I spent most of last week on a workshop in Devon at the studio of Susie Gillespie. I do quite a lot of teaching now and I feel it is really important to be on the other side of that sometimes too. The workshop was all about growing, processing and spinning flax into yarn and then weaving with it. It was a really stimulating workshop in a lovely location and I felt very lucky indeed to have had the opportunity to be there.

There is a lovely vocabulary that goes with this activity: retting, rippling, combing, breaking, scutching…

It is quite an involved business to get this small hand full of fibres ready to spin. I quickly developed a huge respect for peoples of the past whose only way to have cloth was through this series of processes.

I’ve not done any spinning before, although I do have my Granny’s spinning wheel in the cellar. I’m hoping to use it now I’ve had an introduction. The linen yarn I spun was very hairy and more like rough string than beautiful linen thread, but it is a start and I am looking forward to improving my spinning skills.

It was also good to see a little of the surrounding landscape with walks along part of the River Dart and a windy bit of the coast at Man Sands.

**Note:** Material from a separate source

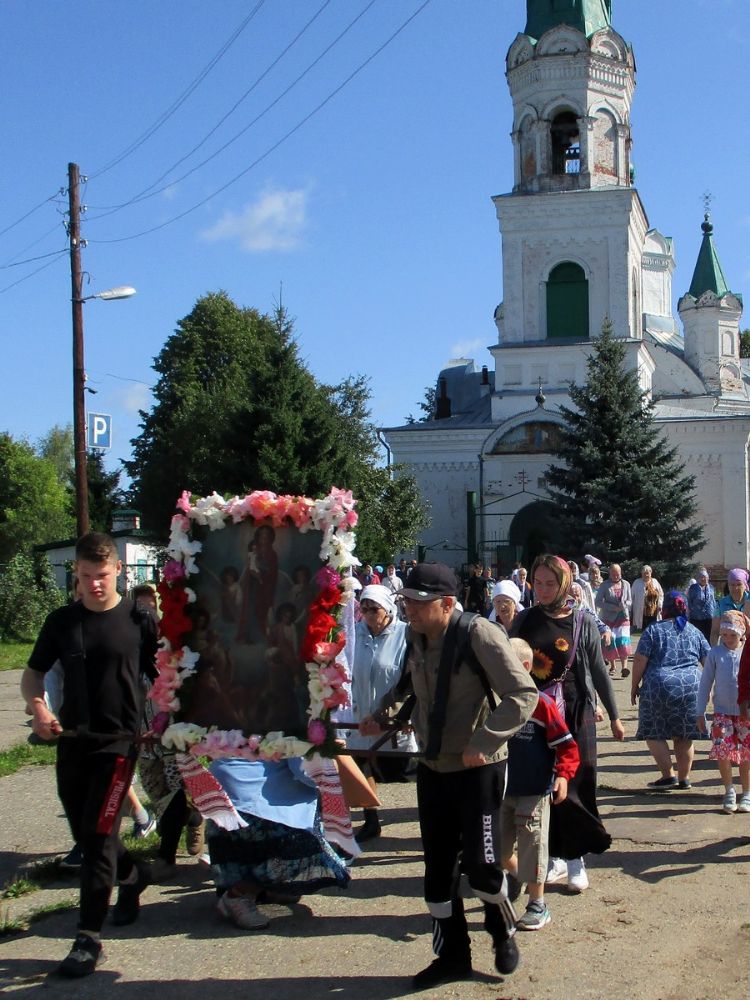 23 августа по аналогичной схеме крестный ход проследовал по 10-километровому маршруту из Шулки в храм Сретения Господня с. Кучка (настоятель – протоиерей Алексий Вязов, у которого как раз на эту дату пришелся день Ангела); 24 августа – 20 километров из Кучки в храм мучеников Флора и Лавра с. Табашино (настоятель – протоиерей Виктор Немцев) с заходом на святой источник Владимирской иконы Божией Матери у д. Ушаково, где был отслужен молебен; 25 августа – 20 километров из Табашина в храм Покрова Пресвятой Богородицы с. Упша (настоятель – протоиерей Михаил Нехорошков); 26 августа – 15 километров из Упши в храм Рождества Иоанна Предтечи пос. Оршанка (настоятель – протоиерей Димитрий Вылекжанин) с заходом на святые источники в д. Большая Орша, где был отслужен молебен. Следует отметить, что в ночь после прибытия крестного хода в Оршанку в здешнем храме шло традиционное молитвенное бдение с чтением акафистов в честь Пресвятой Богородицы.

We did some natural dyeing, ending up with a lovely colour palette of linen threads to play with and incorporate into our weaving. I was asked to lead a stitching session on one of the days: we used the dyed threads and a host of items we collected on our walks.

I will be teaching with Susie in April and August this year and I’m really looking forward to returning to this lovely pocket of Devon.

16 thoughts on “flax

    • The long fibres are so nice to work with once you get your head around the coordination required for spinning (it felt a bit like learning to drive!)

    • It is quite safe! My cellar is dry and I’m looking forward to getting to know the spinning wheel better…

  1. What a wonderful way to spend a day! As a longtime handspinner I often spin flax to use in my artwork. Spinning flax with wet fingers will produce a smoother yarn/thread. Handspinning is my passion, so lovely to hear someone else discovering it.

  2. love reading this blog post. growing flax, processing, and using it is very satisfying, and your view as student helps me (who is usually teacher these days) to see through your eyes. as an aside, this past winter i made paper from both prepared unspun flax and linen canvas offcuts. flax and linen (cloth) paper are as special as are the textiles.

    • Thanks Velma. Your hand made paper sounds lovely. I’m more often teacher than student these days but I love to be on the other end of it and learning all the time from both ends!

  3. the colors of your linen threads are so lovely. so are your pencil drawings, across the fold. speaking of flax spinning vocab – you probably know this – ‘pop goes the weasel’ refers to a sound made when the spinner has stepped back far enough? I think.